It's a fact of life that most homeowners need to borrow funds to pay for their homes, and then spend a good chunk of their lives paying the money back, along with a hefty dose of interest.

Mortgage interest, however, has a huge advantage over car loan or credit card interest. As you probably know, the interest you pay on your mortgage is tax deductible. Every April, you get to note on your tax return the amount of mortgage interest you've paid that year. Deducting the interest payment can significantly lower the amount of money you've got to hand over to Uncle Sam. Financial planners net this figure (interest paid less the tax savings), knowing that being able to deduct mortgage interest lowers the cost of borrowing for the house.

At this point of your life, you may or may not have a mortgage. If you've lived in the same house since you got married when you were 24, you very well may have paid off your mortgage by this time. Many of us, though, are still paying—either on our first home, or because we've moved to a more expensive home and needed to borrow to cover costs.

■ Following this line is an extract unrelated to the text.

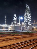 Scène met trein rails en verlichte petrochemische fabriek in de nacht, Haven van Antwerpen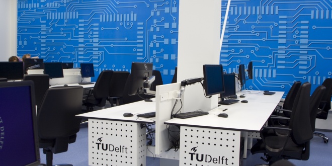 Voormalige werkplaatsen van de faculteit Industrieel Ontwerpen zijn teruggegeven aan de TU Delft. De werkplaatsen zijn omgebouwd naar computerzalen en worden ingezet voor centrale facilteiten zoals onder andere het digitaal tentamineren van studenten. De computerzalen hebben een eigen identiteit gekregen - thema "digitaal" - vormgegeven met teksten en fotoprints. Verfissende ledverlichting en interieurelementen complementeren het geheel. Op 1 oktober 2012 zijn de ruimten officieel door de studenten in gebruik genomen.

If you no longer are paying a mortgage, you've hopefully found some other helpful tax deductions. Those who are still struggling with house payments, however, may wonder from time to time whether you've got the best type of mortgage you can. Maybe you've thought about refinancing your mortgage for a lower interest rate. Some folks refinance every time the interest rate drops even the slightest amount. Others regard refinancing as too much trouble, or not worth the money you have to pay to do it.

Go Figure

A lower interest rate isn't the only reason people refinance their homes. Many people refinance to accommodate debt consolidation, or to pay for remodeling, college bills, and so forth.

Adding It Up

Points are expensive and can be a problem if you have to pay them up front. Equal to one percent of the total amount of the loan, one point on a $100,000 loan is $1,000. Three points are worth $3,000, and so forth.

Deciding whether it's worth refinancing your home can be a challenge, for sure. You refinance in order to save money, but how do you know when the interest rates have dropped enough to make it worthwhile? If the drop has been significant, you might be able to refinance into a lower-cost loan, which can put extra dollars in your pocket.

Be aware, however, that just because a loan offers a lower interest rate, does not mean that you'll save money. To refinance a mortgage or equity loan, you'll have to pay title insurance; loan fees, such as a broker's commission and appraisal fee; and points (a fee imposed by the lender that equals a percentage of the loan amount) all over again. These costs can take a big bite out of any savings you'll realize from reduced interest rates and lower monthly payments.

If you're thinking of refinancing, you'll need to find out how much it will cost to do so, and then figure out how long it will take you to recoup those costs. A representative from the lending institution you're using should be able to help you determine that.

When negotiating a refinancing deal, you'll have to decide whether you'll pay the fees up front, or include them in the amount of your loan. There is a type of loan called a no-cost loan, which allows you to waive the up-front costs and have them included in amount of your loan. The interest rate on your loan will increase one-eighth of one percent for every point you opt not to pay at the time you refinance.

If you choose a no-cost loan and pay no points or other loan expenses up front, you can typically expect to pay between half and five eighths of 1 percent higher than you would for the same loan on which you'd paid the expenses up front.

If you plan to stay in the home for more than five years, it's a good idea to pay as much of the loan costs up front as possible so that you can lock in a lower interest rate. Here's why.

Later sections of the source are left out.